L’apparition de l’individualisme est liée à la négation du domaine supra-individuel. L’individualisme est la négation de tout principe supérieur à l’individualité et la réduction de la civilisation aux éléments purement humains.
“[…] l’on pourraot constater, d’une façon très générale, que l’apparition de doctrines «naturalistes» ou antimétaphysiques se produit lorsque l’élément qui représente le pouvoir temporel prend, dans une civilisation, la prédominance sur celui qui représente l’autorité spirituelle.” (p. 74)

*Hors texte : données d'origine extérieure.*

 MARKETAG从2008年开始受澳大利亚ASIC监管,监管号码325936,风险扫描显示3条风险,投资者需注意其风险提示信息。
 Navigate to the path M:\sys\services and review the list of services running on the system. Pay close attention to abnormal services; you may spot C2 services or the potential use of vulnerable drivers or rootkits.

“Un autre fait curieux, que nous ne pouvons que signaler en passant, est le rôle important que joue le plus souvent un élément féminin, ou représenté symboliquement comme tel, dans les doctrines des Kshatriyas, qu’il s’agisse d’ailleurs des doctrines constituées régulièrement pour leur usage ou des conceptions hétérodoxes qu’eux-mêmes font prévaloir; il est même à remarquer, à cet égard, que l’existence d’un sacerdoce féminin, chez certains peuples, apparaît comme liée à la domination de la caste guerrière. Ce fait peut s’expliquer, d’une part, par la prépondérance de l’élément «rajasique» et émotif chez les Kshatriyas, et surtout, d’autre part, par la correspondance du féminin, dans l’ordre cosmique, avec Prakriti ou la «Nature primordiale», principe du «devenir» et de la mutation temporelle.” (p. 74-75)
Le pouvoir temporel se ruine lui-même en méconnaissant sa subordination vis-à-vis de l’autorité spirituelle, parce que, comme tout ce qui appartient au monde du changement, il ne peut se suffire à lui-même, le changement étant inconcevable et contradictoire sans un principe immuable.

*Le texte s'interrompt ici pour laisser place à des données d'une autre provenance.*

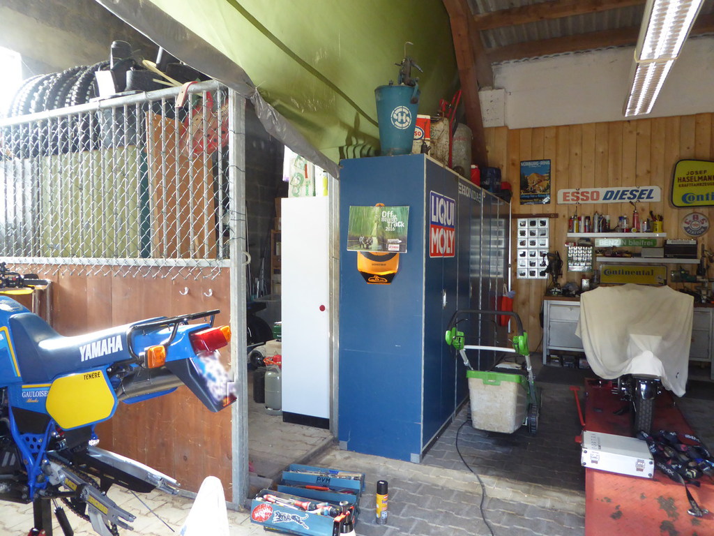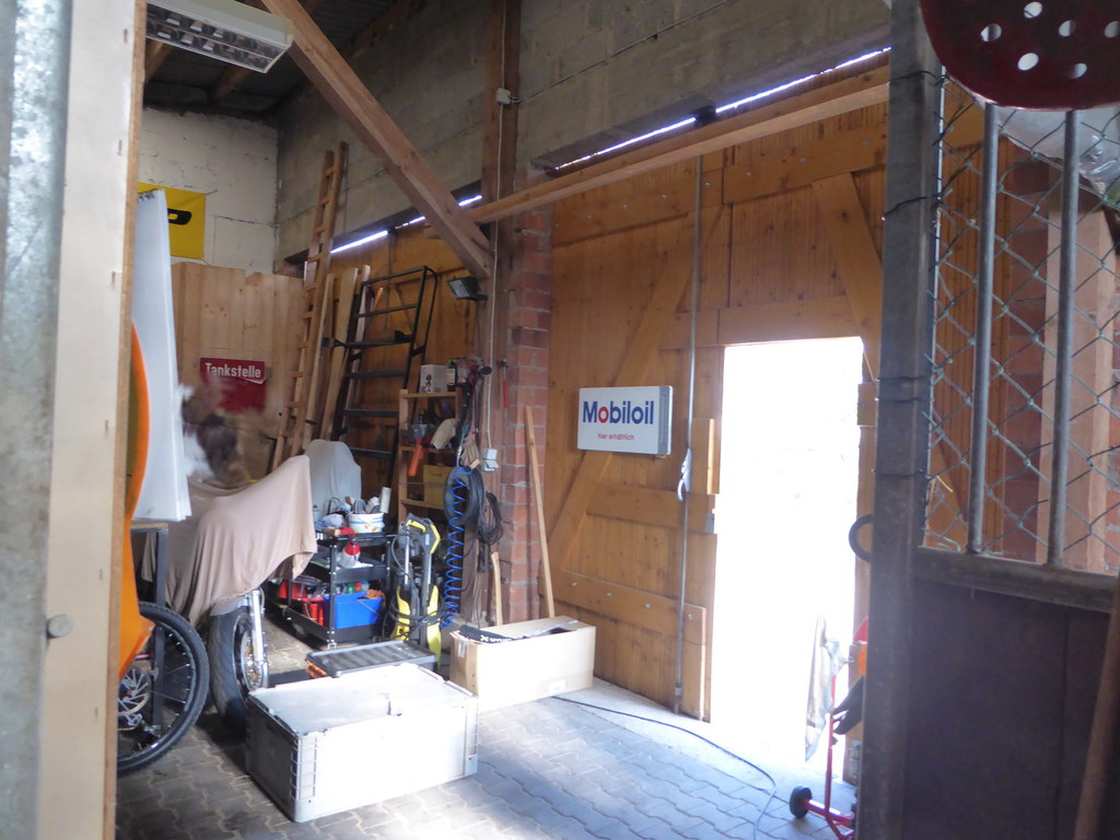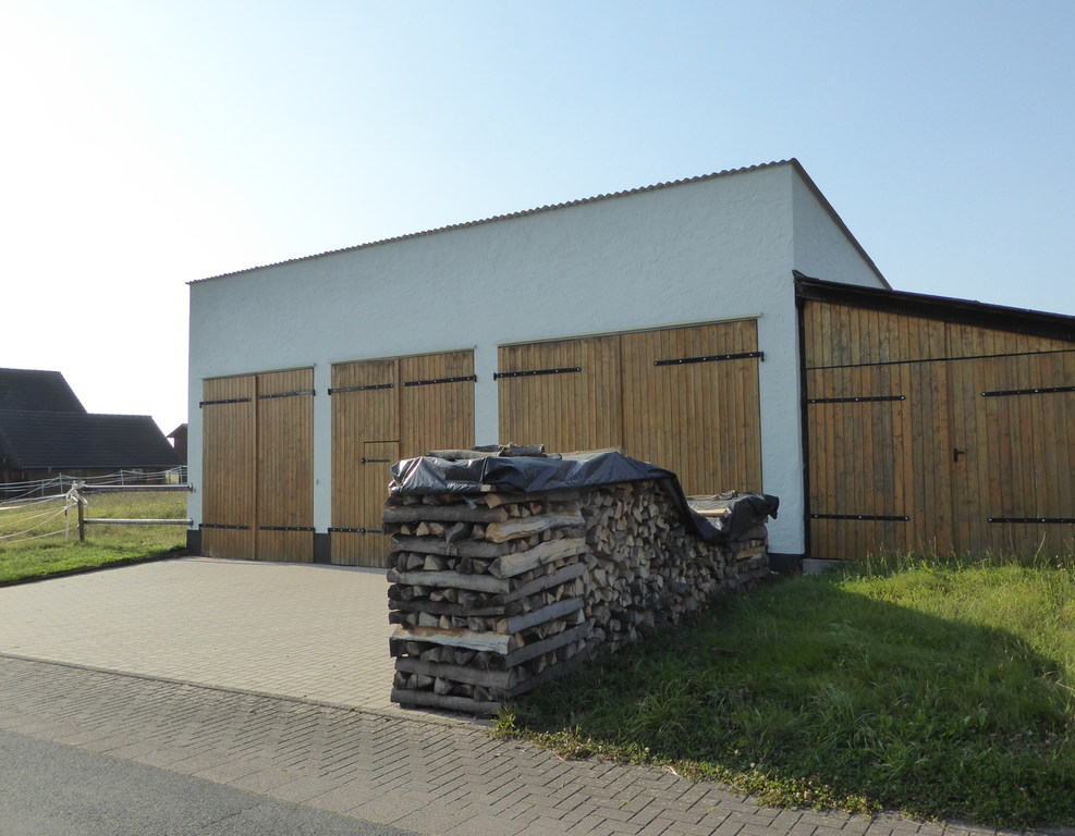 Im vorderen rechten Teil des Grundstücks befindet sich eine kleine Halle, die unter anderem als Stallung für Pferde genutzt wurde (Boxen sind teils noch vorhanden). Die Halle hat eine Fläche von ca. 80 m², ist mit Hohlblocksteinen massiv gebaut und verfügt über einen Stromanschluss. Der Boden sowie der Platz vor der Halle (3 Stellplätze) sind gepflastert. Die Zufahrt erfolgt über drei große Tore. Derzeit ist die Halle vermietet und wird als Werkstatt genutzt. Der Mietvertrag ist zum 31.12.2024 gekündigt. Der kleine Anbau-Schuppen dient als Holzlager.

Toute conception axée sur le devenir est éminemment antimétaphysique. C’est le cas de l’évolutionisme moderne, mais les racines se trouvent dans certains penseurs Grecs.
Il faut mentionner que Shâkya-Muni appartenait par sa naissance à la caste des Kshatriyas, et ce fait peut s’expliquer par les conditions spéciales d’une certaine époque, conditions résultant des lois cycliques. Christ aussi descendait, non pas de la tribu sacerdotale de Lévi, mais de la tribu royale de Juda.
Ce qui permet de dépasser l’individualité est transcendant à celle-ci, c’est le principe immuable de l’être.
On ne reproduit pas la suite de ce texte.